Keywords: Primary hyperparathyroidism, Ectopic adenomas, Parathyroidectomy, Preoperative imaging, Case report
Abstract
Introduction
Primary hyperparathyroidism (PHPT) is a common endocrine disorder caused by pathologic growth of one or more of the parathyroid glands. Parathyroidectomies (PTX) in patients with PHPT are procedures with low morbidity, few complications, and a high cure rate. However, the parathyroid glands may be found at various anatomical locations and occasionally they are intrathoracic.
Case presentation
We present a 57-year-old patient with PHPT. Before the first and second operation, the preoperative imaging indicated pathologic parathyroid tissue in the neck. Due to postoperative persistent hypercalcemia we performed a 11C-methionine positron emission tomography (11C-MET-PET/CT). The scan showed a focus with increased activity in the mediastinum. Due to persistent disease, an ectopic parathyroid gland in the mediastinum was suspected. At a third operation, the parathyroid adenoma was resected through an anterolateral thoracotomy. Biochemical values normalized and bone mineral density improved postoperatively. Hence, an ectopic localization of a parathyroid gland should be considered during the preoperative planning of a PTX, especially in the re-operative setting. A multidisciplinary effort is necessary to address an intrathoracic adenoma.
Conclusion
Ectopic parathyroid glands should be suspected when positive sestaMIBI uptake is seen in the mediastinum and other types of imaging (e.g. contrast enhanced CT scan or PET-CT) may confirm the finding of an ectopic parathyroid adenoma. From the present case and previous studies we found 11C-MET-PET/CT valuable in difficult PHPT cases.
1. Introduction
Primary hyperparathyroidism (PHPT) is a common endocrine disorder caused by pathologic growth of one or more of the parathyroid glands. The pathologic tissue is a single adenoma in approximately 85–90% of the cases whereas 10–15% have multiple adenomas or hyperplasia [1]. PHPT is diagnosed by elevated plasma calcium levels with concomitant elevated or inappropriately high-normal PTH levels, after excluding other causes of hyperparathyroid hypercalcemia.
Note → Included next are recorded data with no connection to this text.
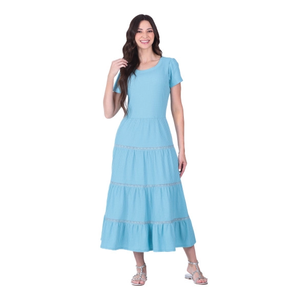 Vestido Sara Em Malha Texturizada Azul Hapuk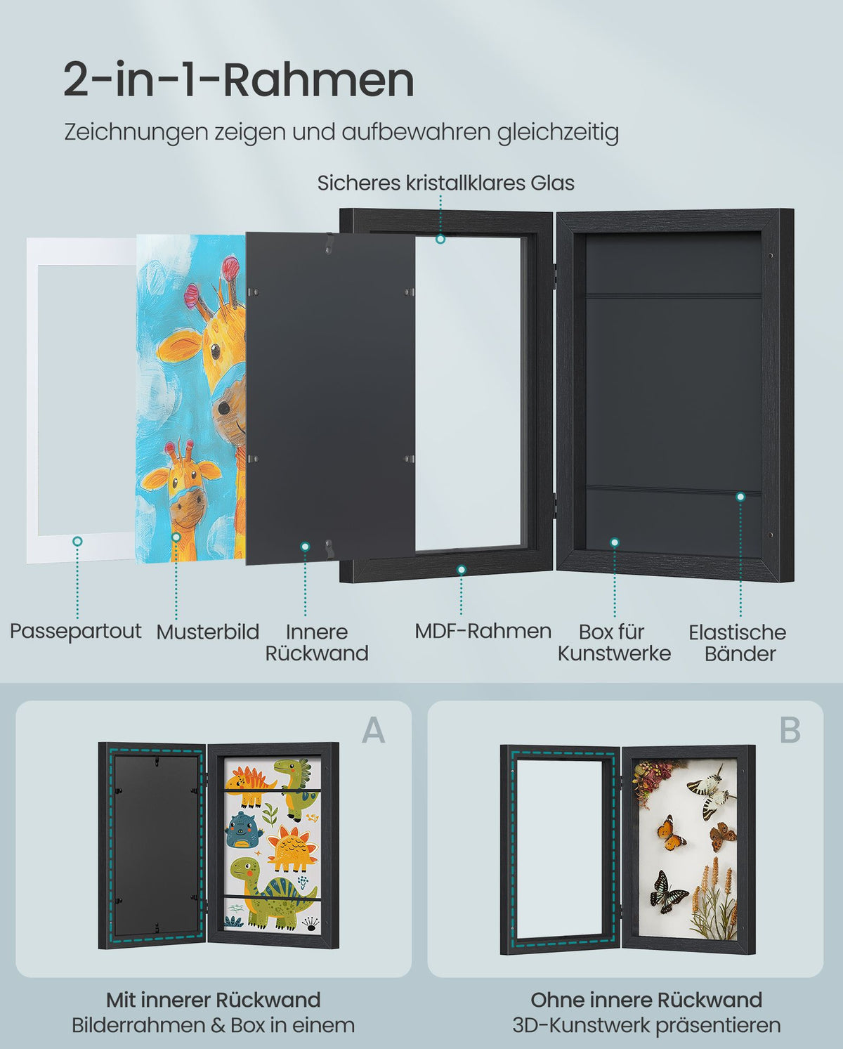 Fotolijstset van 2 met traceless wandhaken 34,5 x 25,5 cm aszwart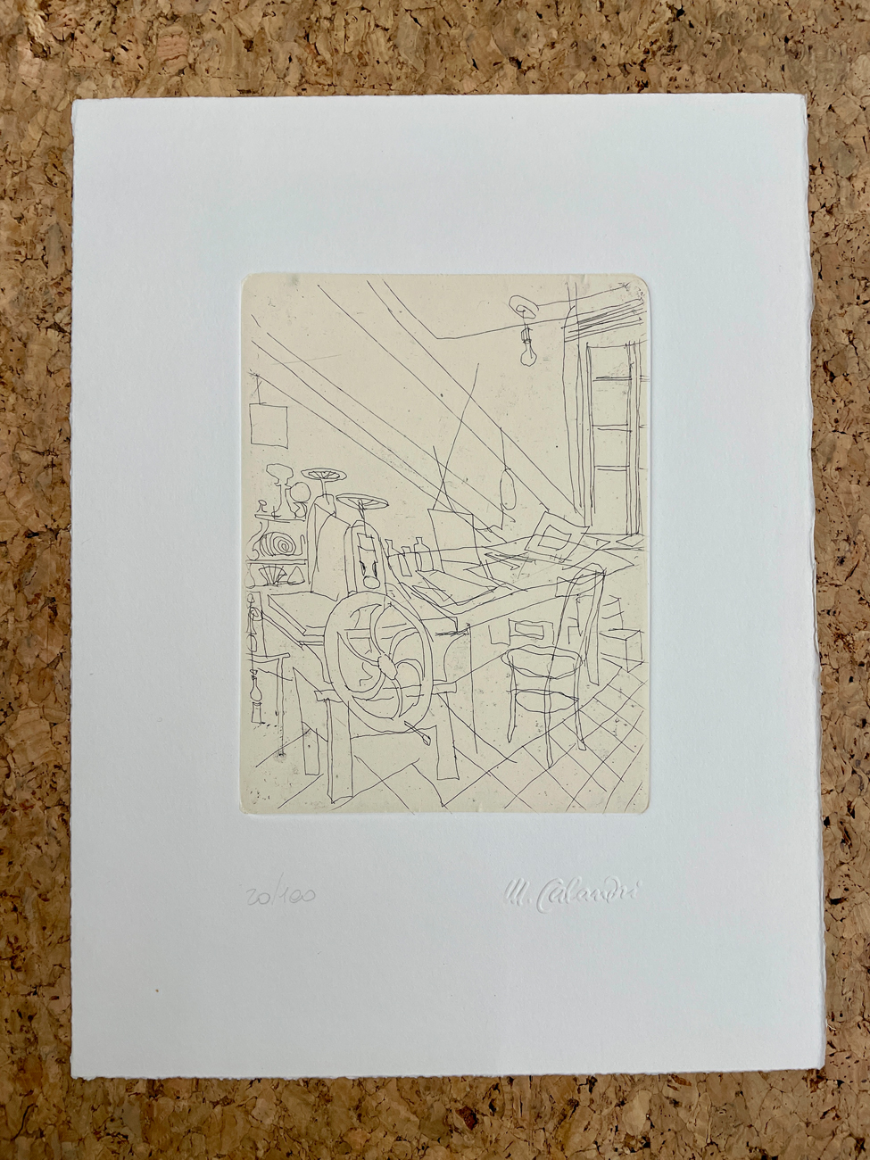 Il presente esemplare rientra nelle prime 200 copie ed è pertanto arricchito dalla presenza di un'incisione inedita sciolta di Mario Calandri (raffigurante lo Studio dell'Artista nel 1951), recante firma facsimile dell'Artista e numerazione (Esemplare 20) a matita al fronte L'edizione è stata curata in collaborazione con l'Archivio Calandri

The only curative treatment for PHPT is parathyroidectomy (PTX), with a cure rate of approximately 93%–98% [[1], [2]]. There are a few different causes of persistent disease. First, it can be impossible to find all the glands in the neck due to an ectopic pathologic gland or a very small missed gland in the neck. Secondly, in the case of 4 hyperplastic glands it may be advisable to keep one of them to avoid hypoparathyroidism. Due to increasing diagnosis of new PHPT patients, a low rate of surgical complications, and overall good surgical results, the number of patients undergoing PTX is increasing.
The work has been reported in line with the SCARE criteria [11].
2. Case presentation
A 57 year old woman was referred to our Department of Endocrinology and Internal Medicine due to hyperparathyroid hypercalcemia. The biochemical abnormalities were accidentally found during hospitalization for a urinary tract infection.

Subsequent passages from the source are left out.